What the exercise asks.
Since the records include pictures, leave those out while you reproduce exactly and only the lines from the one containing "Children's clothes boy" through the one containing "Yes Cardmates I", inclusive.

Provided records below:

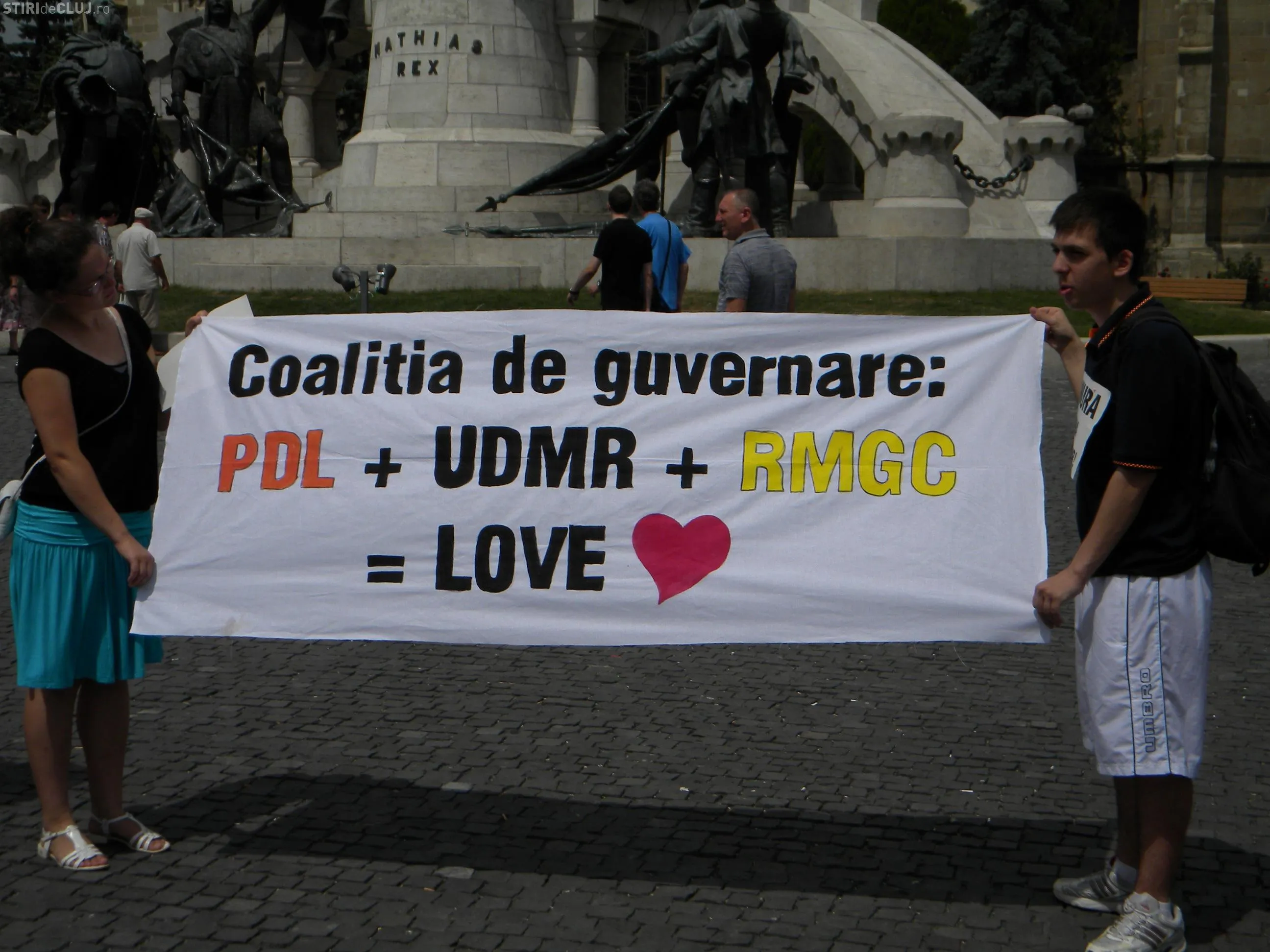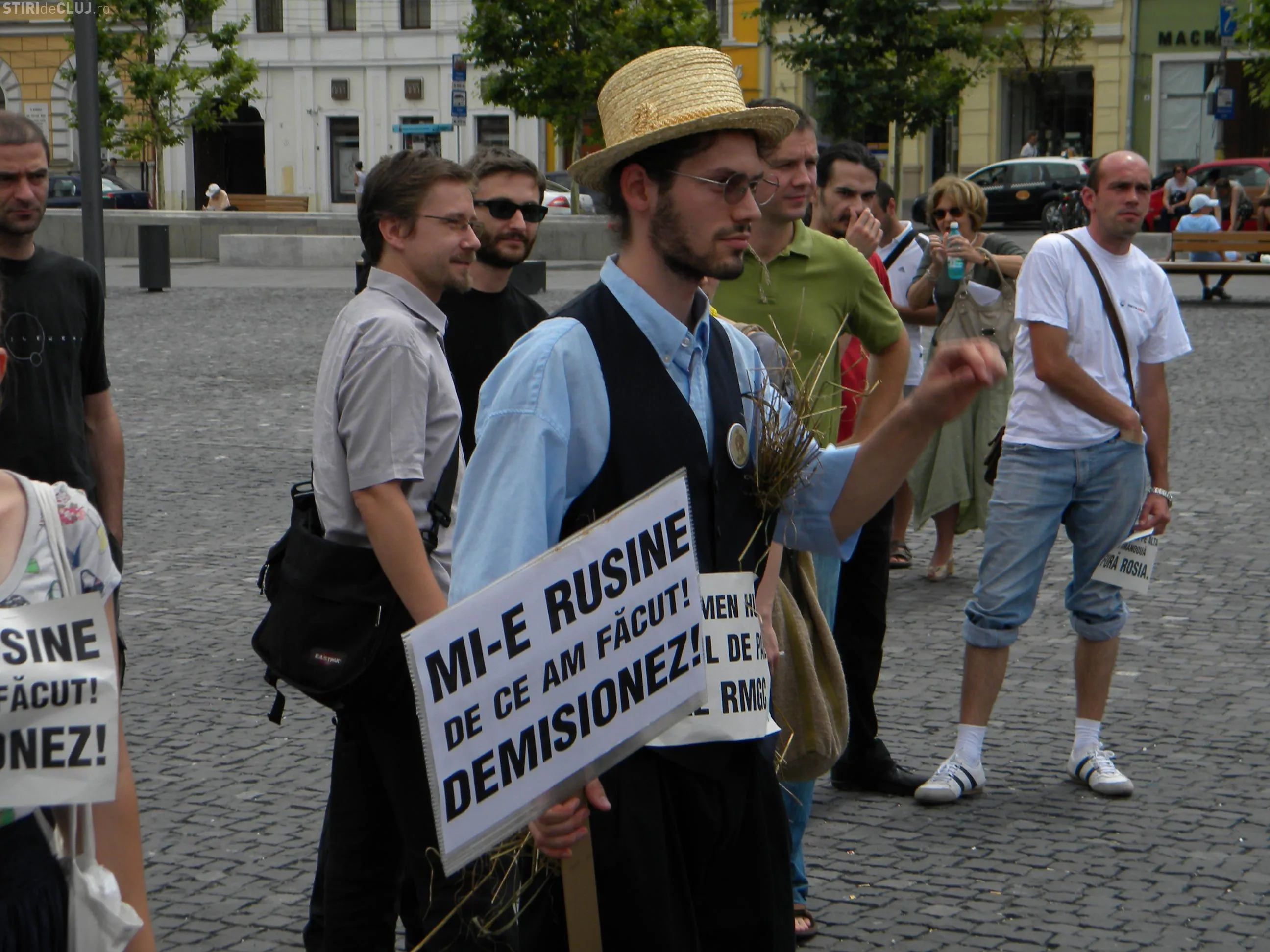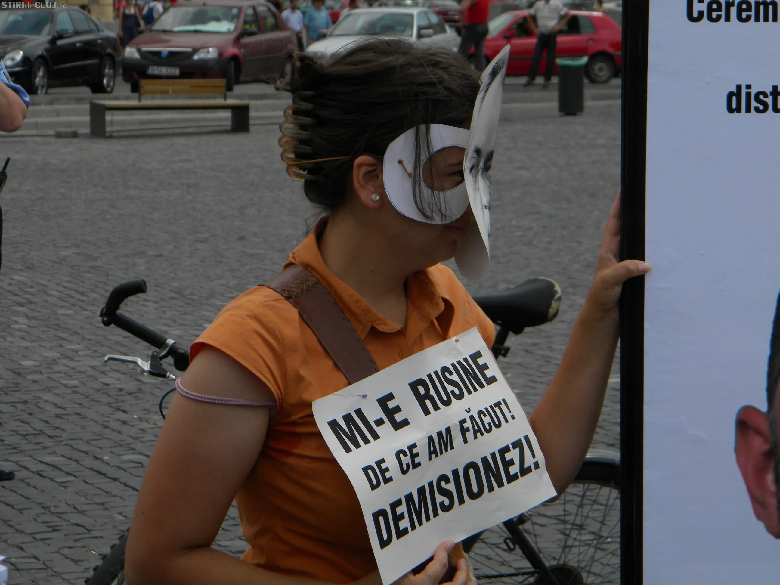 Protestatarii au purtat masti si au jucat o sceneta in care au interpretat rolul personajelor politice la care le cer demisia: Kelemen Hunor, Emil Boc, Traian Basescu, Elena Basescu si Laszlo Borbely.
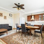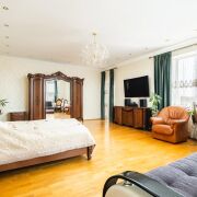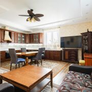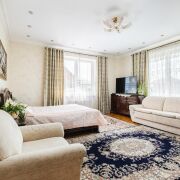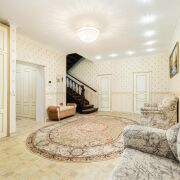 -Просторные светлые комнаты с дизайнерскими обоями и мягкой мебелью. Функциональные гардеробные зоны и роскошные хрустальные светильники. Кухня из натурального дерева со встроенной техникой - идеально для семейных ужинов. Текстиль, шторы, ковры - все подобрано с заботой о комфорте и вкусе.
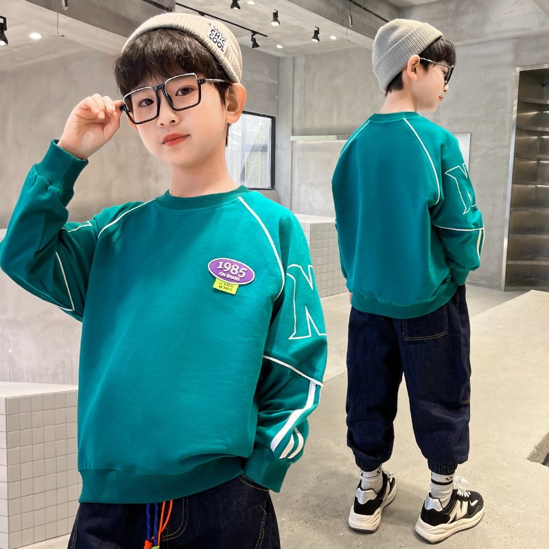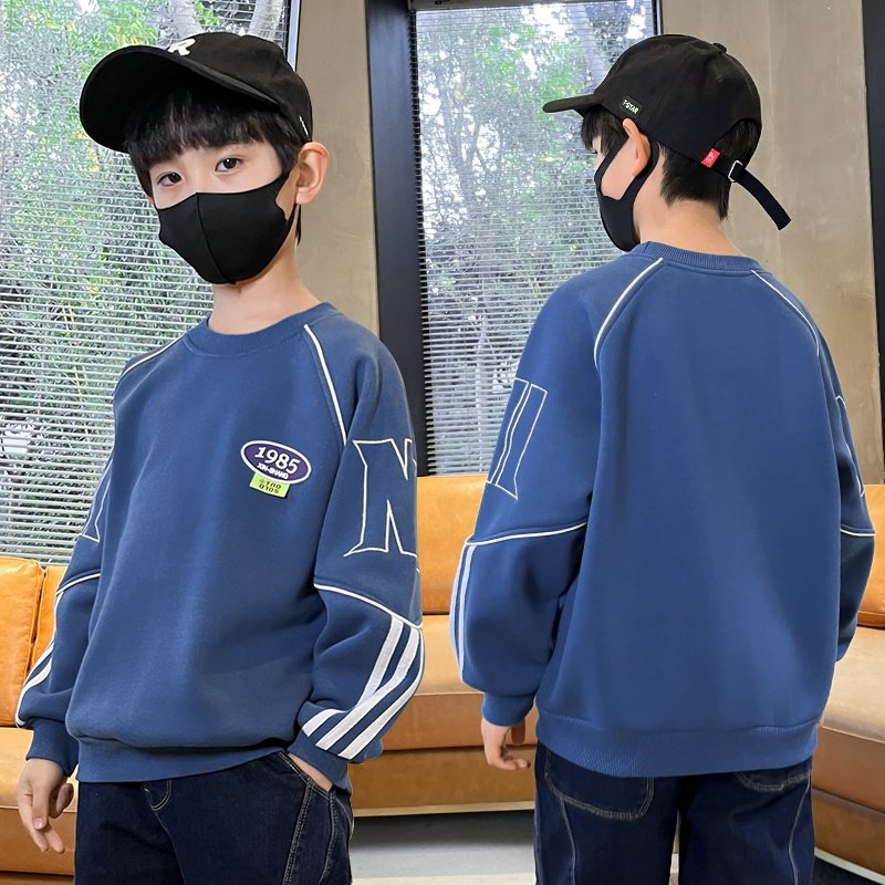Children's clothes boy long sleeve thick cotton T foreign pie 2022 new big boy spring autumn clothing T-shirt children hit undershirt round collar blouses
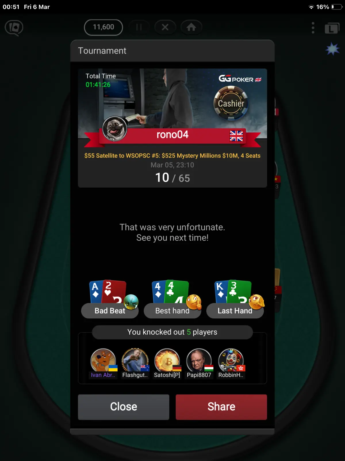 Yes Cardmates I bricked it again. I was the big stack right till the final couple of places. I must have a good enough game I just don’t seem to be able to get that final hand to get me over the line!
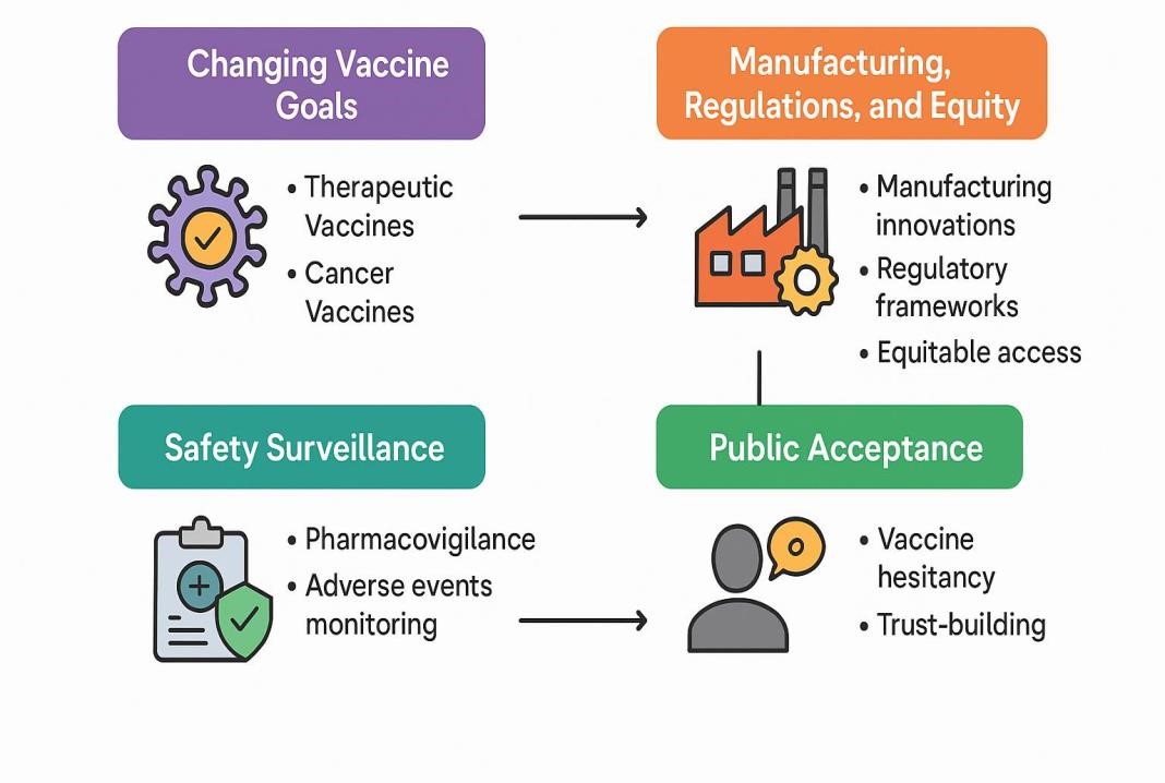 Importantly, the scope of vaccines is expanding from purely preventive measures against infectious diseases to therapeutic applications. Personalized cancer vaccines, autoimmune-modulating vaccines, and vaccines for chronic infectious diseases such as HIV, hepatitis, and tuberculosis are being actively investigated. The concept of universal vaccines, particularly for rapidly mutating viruses like influenza and coronaviruses, is a major research focus. By targeting conserved epitopes or employing mosaic immunogens, researchers aim to achieve broad and long-lasting immunity, reducing the need for frequent updates.Despite remarkable progress, challenges remain. Global disparities in vaccine access, public hesitancy fueled by misinformation, manufacturing bottlenecks, and evolving regulatory landscapes continue to shape the vaccine ecosystem. Equally important is the need for robust post-marketing surveillance to ensure long-term safety and to build public trust.Thus, vaccine development today stands at the intersection of innovation and necessity. The integration of modern biotechnology, computational power, and global collaborative frameworks has not only transformed the speed and scope of vaccine discovery but has also opened pathways for tackling complex diseases previously considered beyond the reach of immunization. This review provides a comprehensive overview of these emerging trends, highlighting key advances, challenges, and the future directions that will define the next generation of vaccines.[17]

End of Provided records.

Solution.
Children's clothes boy long sleeve thick cotton T foreign pie 2022 new big boy spring autumn clothing T-shirt children hit undershirt round collar blouses
 Yes Cardmates I bricked it again. I was the big stack right till the final couple of places. I must have a good enough game I just don’t seem to be able to get that final hand to get me over the line!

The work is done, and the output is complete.